From the material below, copy exactly the lines beginning with the one that contains "- comedian/social activist" and ending with the one that contains "Electronic Nail Filer"; the pictures stay out.

(Data under study begins)

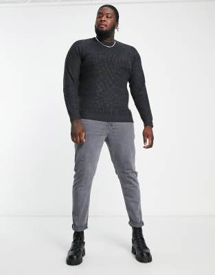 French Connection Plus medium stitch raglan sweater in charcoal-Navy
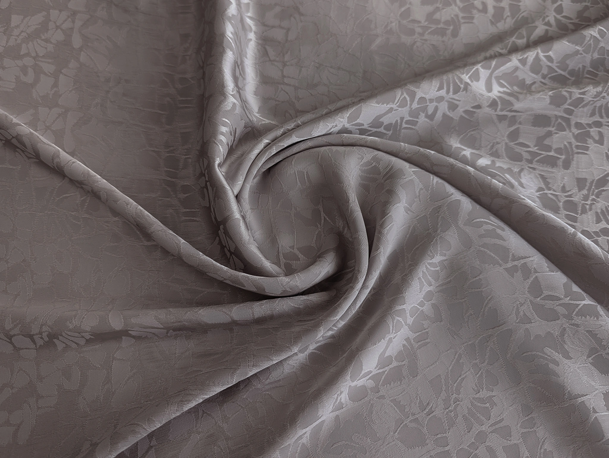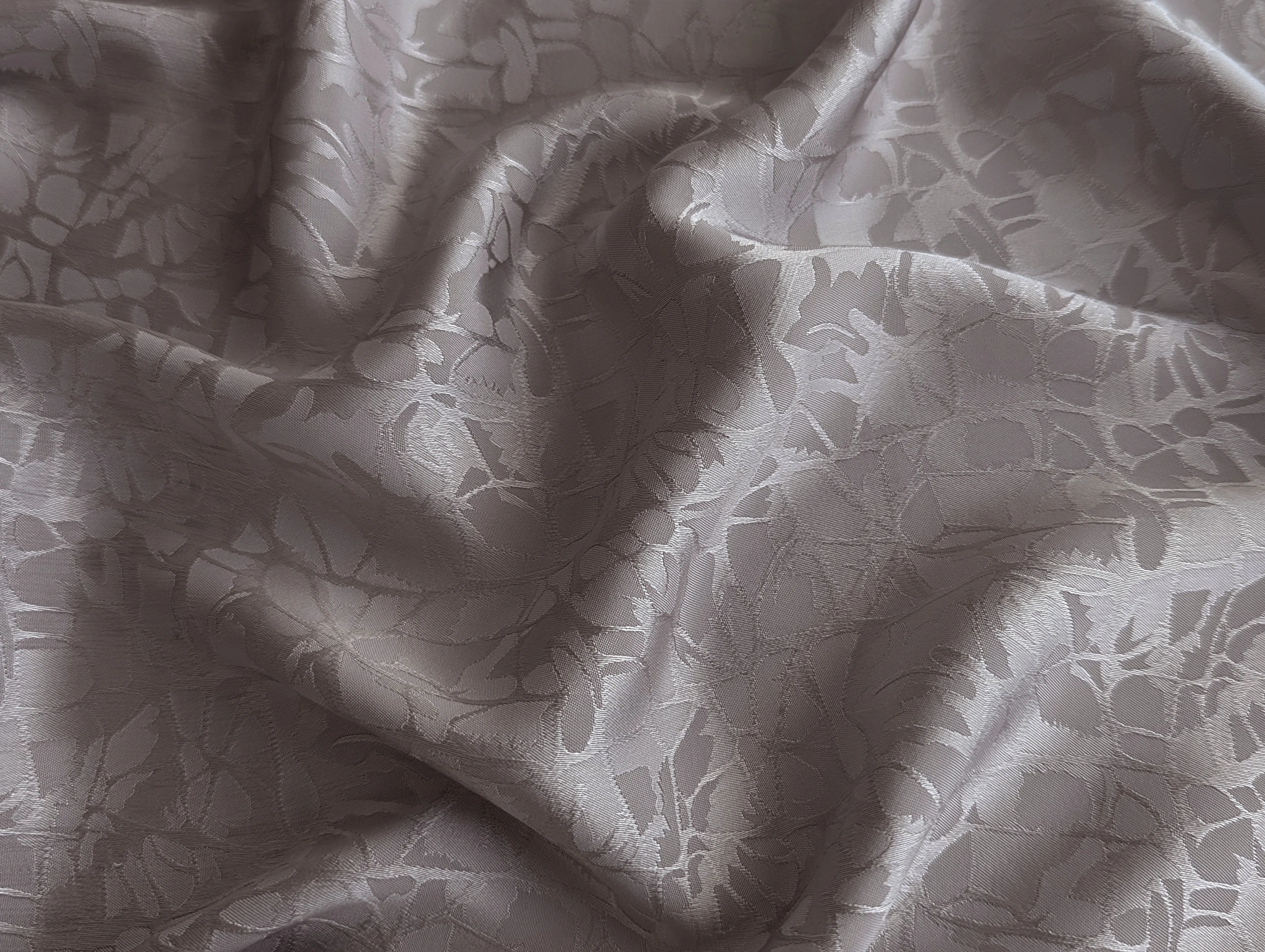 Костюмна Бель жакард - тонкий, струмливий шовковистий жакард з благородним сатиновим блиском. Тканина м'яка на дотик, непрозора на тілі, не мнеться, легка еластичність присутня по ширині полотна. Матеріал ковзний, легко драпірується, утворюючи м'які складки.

(Data under study ends)
(Data under study begins)

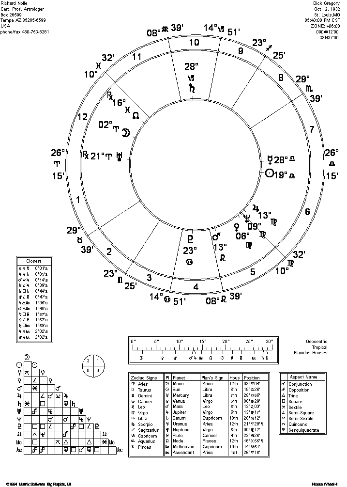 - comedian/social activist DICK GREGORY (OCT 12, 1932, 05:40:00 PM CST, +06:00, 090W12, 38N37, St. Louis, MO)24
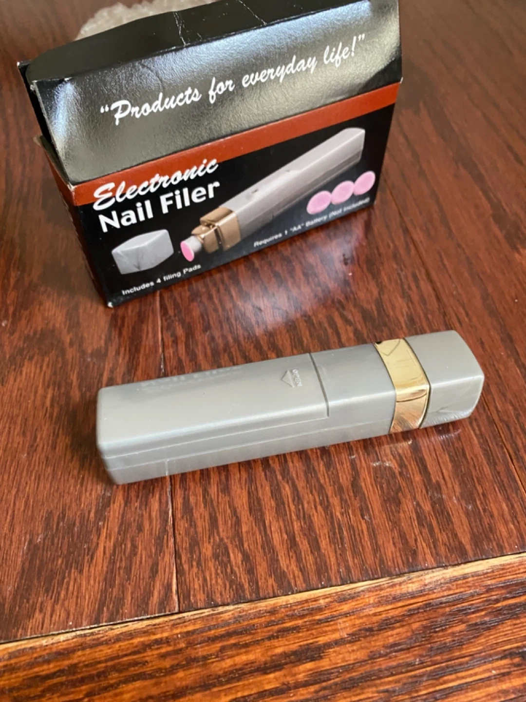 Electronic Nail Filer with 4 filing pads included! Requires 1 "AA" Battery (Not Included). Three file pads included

(Data under study ends)
(Data under study begins)

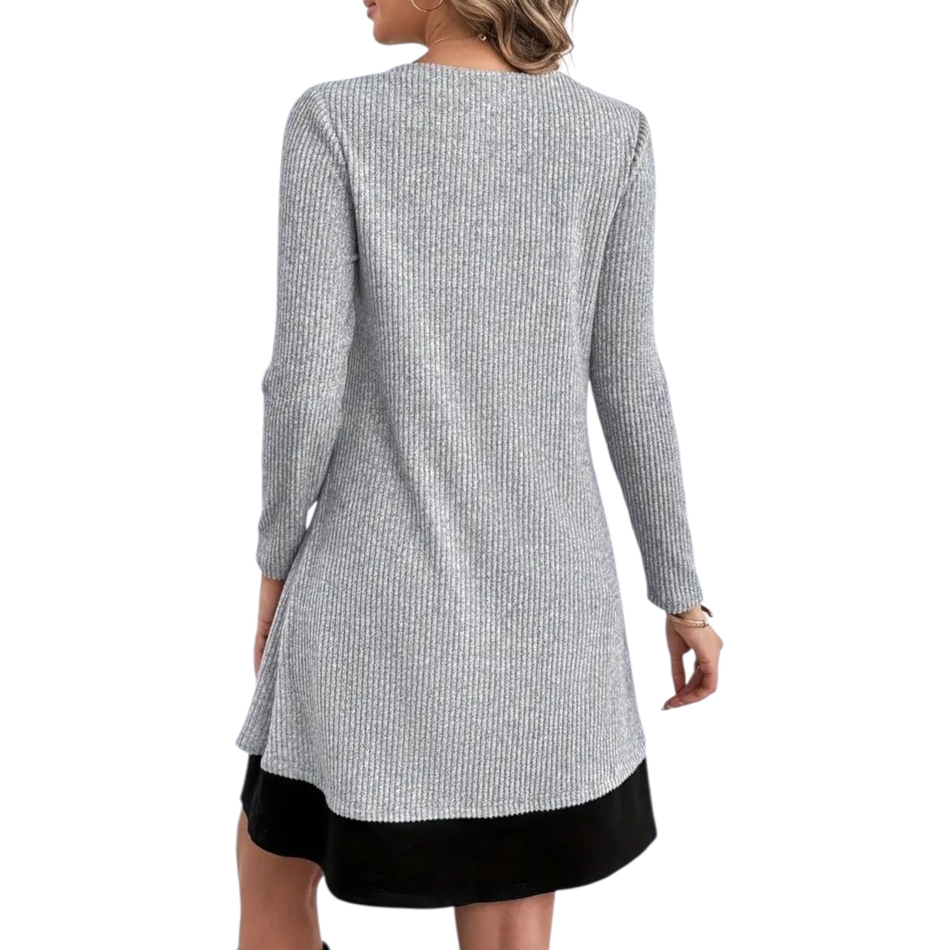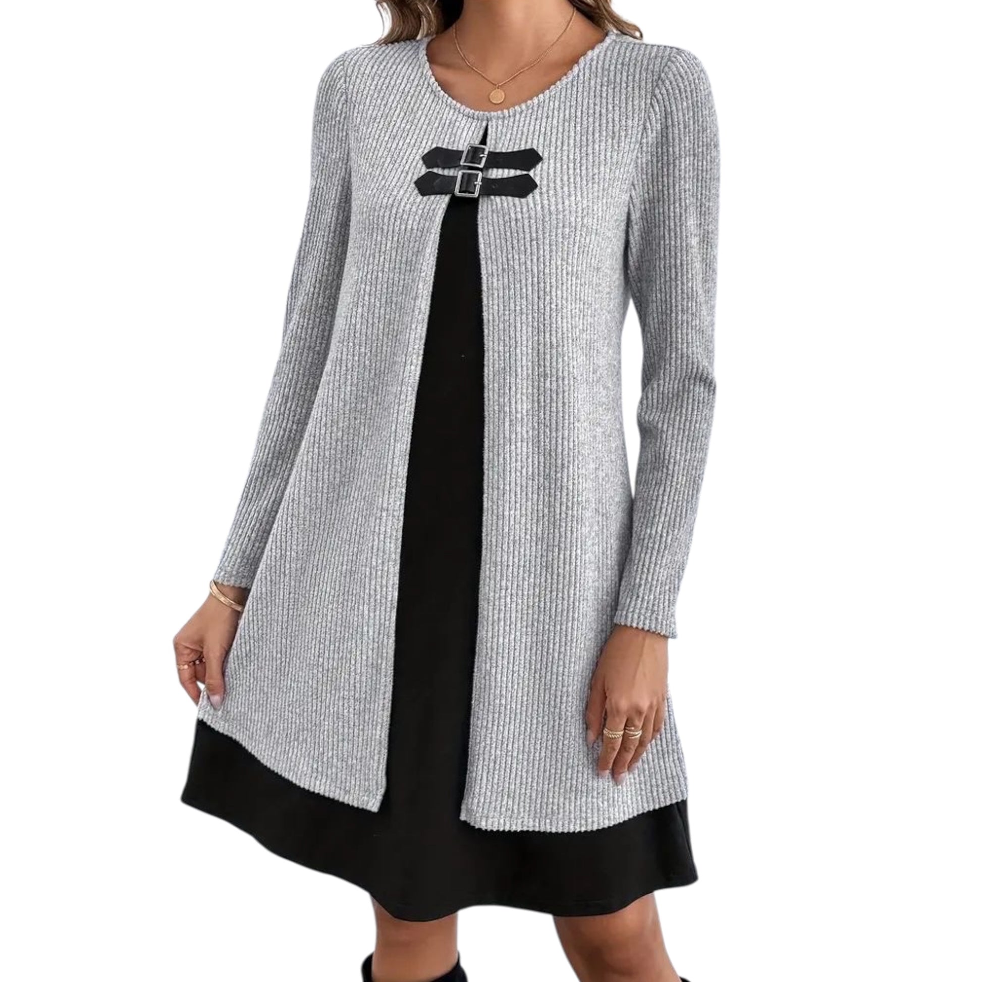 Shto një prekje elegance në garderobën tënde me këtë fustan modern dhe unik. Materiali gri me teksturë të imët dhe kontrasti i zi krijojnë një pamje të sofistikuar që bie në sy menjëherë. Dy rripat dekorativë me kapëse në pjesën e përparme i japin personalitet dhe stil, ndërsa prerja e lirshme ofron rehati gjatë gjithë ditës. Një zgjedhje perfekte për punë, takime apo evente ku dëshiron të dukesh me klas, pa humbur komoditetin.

(Data under study ends)

## Output
 - comedian/social activist DICK GREGORY (OCT 12, 1932, 05:40:00 PM CST, +06:00, 090W12, 38N37, St. Louis, MO)24
 Electronic Nail Filer with 4 filing pads included! Requires 1 "AA" Battery (Not Included). Three file pads included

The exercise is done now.